▶ Work instructions:
An exact transcription is needed of the lines below from the one with "0.19    Package: TO-220F" through the one with "Popular 1.7 mile", with no other lines and no pictures.

▶ Information shown:

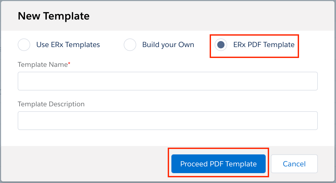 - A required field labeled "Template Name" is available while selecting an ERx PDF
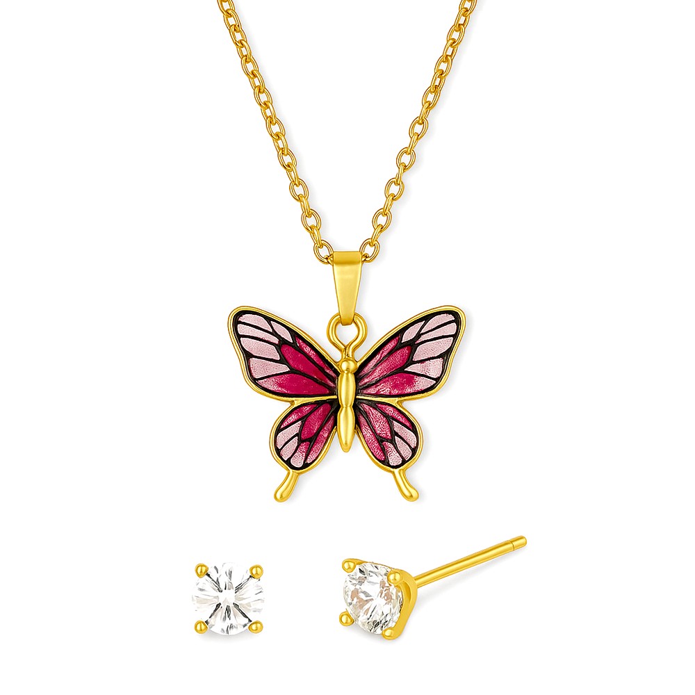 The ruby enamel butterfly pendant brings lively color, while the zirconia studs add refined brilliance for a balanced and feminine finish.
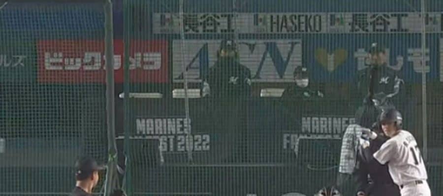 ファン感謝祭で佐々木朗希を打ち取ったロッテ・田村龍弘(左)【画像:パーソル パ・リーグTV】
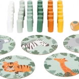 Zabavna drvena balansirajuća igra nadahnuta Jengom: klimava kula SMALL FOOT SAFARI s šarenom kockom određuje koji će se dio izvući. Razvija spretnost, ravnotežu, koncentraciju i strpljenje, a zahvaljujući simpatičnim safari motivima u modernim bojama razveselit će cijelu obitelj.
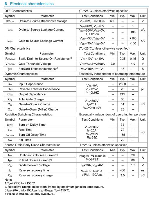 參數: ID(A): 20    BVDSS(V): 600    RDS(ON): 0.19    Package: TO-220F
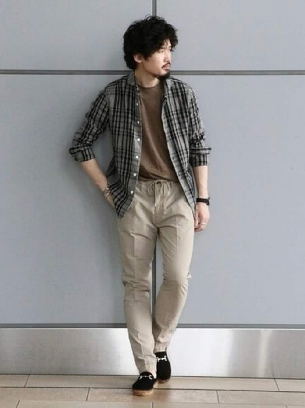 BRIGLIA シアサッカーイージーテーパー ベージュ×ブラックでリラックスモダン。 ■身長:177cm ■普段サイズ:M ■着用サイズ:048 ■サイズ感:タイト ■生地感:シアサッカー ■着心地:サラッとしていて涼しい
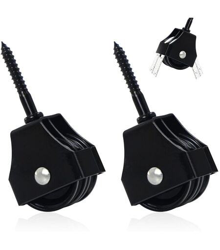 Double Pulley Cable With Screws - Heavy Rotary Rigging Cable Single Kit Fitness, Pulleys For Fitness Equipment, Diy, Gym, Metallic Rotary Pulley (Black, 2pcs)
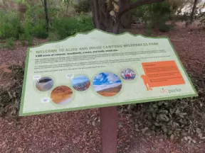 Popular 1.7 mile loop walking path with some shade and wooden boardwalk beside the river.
* * *
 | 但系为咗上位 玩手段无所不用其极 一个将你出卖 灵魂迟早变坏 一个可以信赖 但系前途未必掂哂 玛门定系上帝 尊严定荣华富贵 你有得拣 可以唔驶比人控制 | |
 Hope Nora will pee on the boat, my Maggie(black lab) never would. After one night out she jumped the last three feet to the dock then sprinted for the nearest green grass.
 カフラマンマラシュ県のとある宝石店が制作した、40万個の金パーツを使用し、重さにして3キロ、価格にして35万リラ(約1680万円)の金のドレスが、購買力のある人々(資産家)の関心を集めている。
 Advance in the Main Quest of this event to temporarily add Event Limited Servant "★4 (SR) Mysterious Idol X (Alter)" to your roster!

▶ Written reply:
 參數: ID(A): 20    BVDSS(V): 600    RDS(ON): 0.19    Package: TO-220F
 BRIGLIA シアサッカーイージーテーパー ベージュ×ブラックでリラックスモダン。 ■身長:177cm ■普段サイズ:M ■着用サイズ:048 ■サイズ感:タイト ■生地感:シアサッカー ■着心地:サラッとしていて涼しい
 Double Pulley Cable With Screws - Heavy Rotary Rigging Cable Single Kit Fitness, Pulleys For Fitness Equipment, Diy, Gym, Metallic Rotary Pulley (Black, 2pcs)
 Popular 1.7 mile loop walking path with some shade and wooden boardwalk beside the river.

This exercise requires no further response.